Can price cuts and going small save Windows RT?

Microsoft is in the midst of an all-out blitz to save Windows RT, using price cuts and promoting smaller-sized devices. Will that be enough to revive the floundering Windows 8 offshoot, or will Windows RT go the way of Microsoft Bob?

Bloomberg reports that Microsoft is cutting the price of Windows RT for small tablets, hoping to boost demand for an operating system that few people want. Bloomberg had no details about the size of the price cut. Microsoft is also said to be readying an 8-inch RT-based Surface that may sell for between $249 and $299.

Meanwhile, Microsoft is also rolling out price promotions to try and get people to buy the Windows RT-based Surface. From May 31 to June 30, those who buy the Surface will get a free Touch Cover or Type Cover. That amounts to a $120 or $130 price reduction, because Touch Cover costs $120, and the Type Cover costs $130.

This is the second price cut for RT in a week. Those who attend TechEd North America 2013 will be able to buy 64GB Surface RT for $99. That's a whopping discount -- 83% worth, and about $200 less than the actual cost of materials, according to research done by Sameer Singh of Tech-Thoughts. Only those who attend TechEd can get the discounts. Microsoft doesn't expect big sales from the promotion. Instead, it's hoping to seed the market for developers to write apps for RT, and to get influencers to talk up the devices.

Can Microsoft's price cuts and other promotions save RT? To put it simply: No. People don't want a halfway version of Windows, and device manufacturers don't want to spend money on building a device that won't sell.

Just today, for example, Acer Chairman J.T. Wang told the Wall Street Journal that his company is underwhelmed with RT, and has no current plans to build an RT tablet. Wang told the Journal that Windows RT "won't be so influential anymore." My guess is that something must have been lost in his internal translation, because it was never influential in the first place. He added:

"We would like to be realistic. We have not decided if we want to launch that [Windows RT], to start mass production."

He's not alone. HTC killed its plans to build an RT-based tablet, and Hewelett-Packard has no plans to build one. Samsung has said it's not going to sell RT tablets in the U.S.

Reports show just how dismal RT sales have been. The most recent report from IDC found that in the past quarter, the RT-based Surface had only 0.4% of all tablet sales, with only 200,000 shipped.

Analysts expect Microsoft to eventually abandon RT. Wes Miller, an analyst with Directions on Microsoft, told Computerworld:

"I've been concerned about Windows RT from the beginning. I don't see a long-term viability for Windows RT as a value-driven strategy."

Full-powered Windows tablets, meanwhile, have sold better that one would have expected. With no help from RT, Windows tablets made up 7.5% of the market in the first quarter of 2013, according to Strategic Analytics.

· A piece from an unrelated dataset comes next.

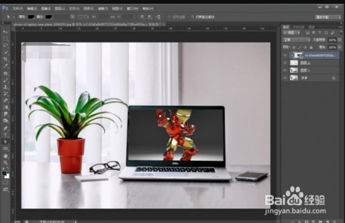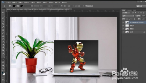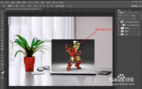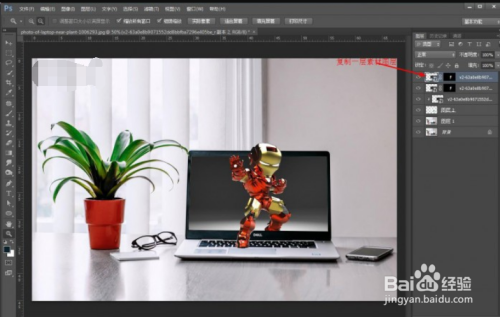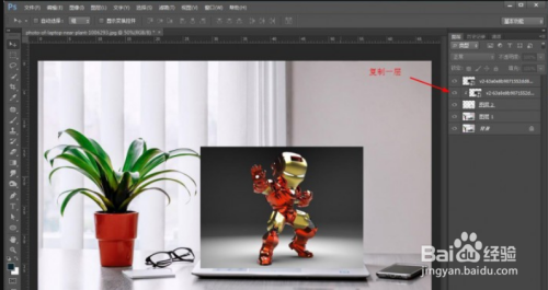 我们可以看到,人物钻出来了,可是为了加倍真实,我们要给它添加一些暗影,所以这里,我们在复制一层素材图层

That's because the devices don't force you into compromises like Windows RT, which doesn't run desktop apps. I've been using a Windows 8-based Surface Pro for the last several weeks and have been quite happy with its mix of power and portability, and its ability to turn into a full-blown traditional computer by slapping on a keyboard.

Smaller, less-costly full-blown Windows 8 tablets are on the way. Yesterday Acer announced an 8-inch Windows 8 tablet with the 32GB version with a $379 list price -- more than $200 less than the 32GB version of the RT-based Surface, although of course the Surface has a larger screen. Likely the price of the Acer tablet will be even lower on Web sites when it launches. That's less expensive than the Windows RT-based Surface, although of course the Surface has a larger screen.

Making things more difficult for RT is that Windows 8 tablets based on Intel's low-power Haswell chip will launch this fall. They'll use less power than current Windows 8 tablets.

The question is, why should you settle for a halfway version of Windows 8 by buying an RT tablet, when for not much more money -- or possibly the same price -- you can get the real thing?

The answer is, you shouldn't settle. And that's why eventually Windows RT will fail.